Making a Big Deal Out of Nothing
This is known as “catastrophizing” and it can slowly wear away at a marriage. In many cases, the incidents that are brought up are insignificant, but magnified by anxiety and depression. David Gonet, an Illinois-based family lawyer, reports cases of clients filing for divorce for such things as having a spouse come home late for work or forgetting to pick up dry cleaning. “In severe cases, I have had clients suffering from catastrophizing file for divorce from their spouse on three separate occasions,” Gonet says. “A harmless event leads the client to file for divorce, during the divorce the client realizes that they overreacted, and the client dismisses the divorce. The next harmless event precipitates the same course of action…file for divorce, realize they overreacted, dismiss the divorce.”
Disagreements are essential for a marriage. It’s important to get grievances out in the open and, when done effectively, can help to work through issues and improve communication. However, when arguments are avoided in a relationship, things are left unresolved, and the relationship can’t progress. This leads to unhappiness. As sexologist and relationship expert Dr. Nikki Goldstein says, “relationships can be saved without that focus and hard work that someone who is avoiding arguments might not be prepared to give.”
Unsurprisingly, the risk of divorce among narcissistic people is very high, predominantly because of their inability to see reality when it comes to the balance of relationship roles. Very often, when something goes wrong or there is any kind of a conflict, a narcissist tends to play the victim. “Someone who is always playing victim coupled with a grandiose sense of self might not have the empowerment and control to fix things when the relationship is at risk,” says Goldstein. “How can someone fix things if they won’t take responsibility for their role in the first place?”
Having a Fragile Ego
Deep insecurities can sow the seeds for marital upheaval because the insecure person might try and find external means of resolving those insecurities. One of those external means could be attention from another person, which is the first step on the road to infidelity — emotional or otherwise. “When life settles and there is just two people living side by side,” says Goldstein, “the fragile ego will find another one to be stroked by, in more ways than one.”

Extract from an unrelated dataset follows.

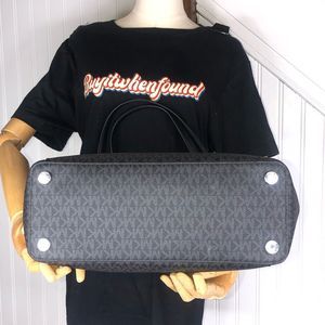 MICHAEL KORS Black Monogram Leather and Coated Canvas Top Zipper Shoulder Bag

Selfishness and narcissism seem like they might by one and the same, but there is a difference in that everyone has a bit of selfishness in them and everyone has times where they might put their own needs ahead of their spouse’s. Problems can arise when this behavior becomes habitual and the partner continually makes the other one feel useless. “Being selfish has a shelf life in a marriage, and only so much love will keep someone around,” says Goldstein. “However when [selfishness] is hurtful towards someone else, things can start to go downhill.”